Sibyl: A Conjecture-Flagger for LLM Math Outputs That Marks Uncited Claims as Unproven

1. Problem

Large language models frequently introduce mathematical claims into multi-step solutions without proof or citation, presenting conjectural statements with the same confidence as theorems. Downstream readers (and downstream agents) cannot readily distinguish verified from unverified claims. Manual review is tedious and inconsistent across reviewers.

2. Approach

Sibyl parses LLM math output into a sequence of numbered claims. For each claim, it attempts to classify it as (i) axiom-or-definition (recognisable structure), (ii) cited-theorem (has inline citation or matches a registry of known results), (iii) proven-in-text (backed by a preceding sub-derivation that Sibyl can follow), or (iv) unproven-conjecture (none of the above). The final report re-renders the output with inline visual markers for each category. A configurable 'strict mode' treats any (iv) claim as a failure.

2.1 Non-goals

Not a formal-proof verifier; does not replace Lean or Coq.
Does not assess mathematical correctness of cited theorems.
No attempt at natural-language theorem proving in v1.
Not a plagiarism checker.

3. Architecture

ClaimSplitter

Parses natural-language + LaTeX math output into a claim DAG.

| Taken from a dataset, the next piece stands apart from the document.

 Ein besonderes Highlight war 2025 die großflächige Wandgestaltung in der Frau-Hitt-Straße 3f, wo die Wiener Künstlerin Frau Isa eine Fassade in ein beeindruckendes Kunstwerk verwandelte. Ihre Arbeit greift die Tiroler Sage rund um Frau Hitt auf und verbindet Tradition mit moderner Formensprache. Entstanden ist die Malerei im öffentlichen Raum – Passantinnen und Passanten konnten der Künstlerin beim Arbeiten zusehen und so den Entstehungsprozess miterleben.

(approx. 220 LOC in the reference implementation sketch)

CitationMatcher

Matches explicit citations and known-result keywords against a small bundled registry.

(approx. 160 LOC in the reference implementation sketch)

SubDerivChecker

Heuristic check that a claim follows from preceding claims via shallow pattern matching.

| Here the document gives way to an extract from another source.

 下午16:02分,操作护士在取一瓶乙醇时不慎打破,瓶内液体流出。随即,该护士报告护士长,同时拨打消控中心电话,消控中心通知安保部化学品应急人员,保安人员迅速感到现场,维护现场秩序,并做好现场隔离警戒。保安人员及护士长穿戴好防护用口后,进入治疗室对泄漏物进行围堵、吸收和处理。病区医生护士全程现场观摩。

(approx. 200 LOC in the reference implementation sketch)

Renderer

Emits annotated Markdown/LaTeX with per-claim status tags.

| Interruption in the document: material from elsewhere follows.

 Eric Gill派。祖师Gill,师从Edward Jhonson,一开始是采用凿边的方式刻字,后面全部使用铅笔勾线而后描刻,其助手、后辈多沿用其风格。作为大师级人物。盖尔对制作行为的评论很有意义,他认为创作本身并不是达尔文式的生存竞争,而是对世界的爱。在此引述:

(approx. 130 LOC in the reference implementation sketch)

CLI

sibyl check input.md --strict

(approx. 60 LOC in the reference implementation sketch)

4. API Sketch

from sibyl import check

report = check(text=open('proof.md').read(),
               registry='registry-basic.yaml')
for claim in report.claims:
    print(claim.id, claim.status, claim.text[:80])
# Statuses: axiom, cited, proven_in_text, unproven

report.write_annotated('proof.annotated.md')
if report.count('unproven') > 0 and args.strict:
    sys.exit(1)

5. Positioning vs. Related Work

Lean/Coq/Isabelle provide formal verification at a very different effort level. Natural-language proof checkers like NaturalProver (Welleck et al.) attempt deeper verification at much higher compute cost. Sibyl occupies a narrow niche: making the absence of justification visible cheaply, so reviewers can focus their attention.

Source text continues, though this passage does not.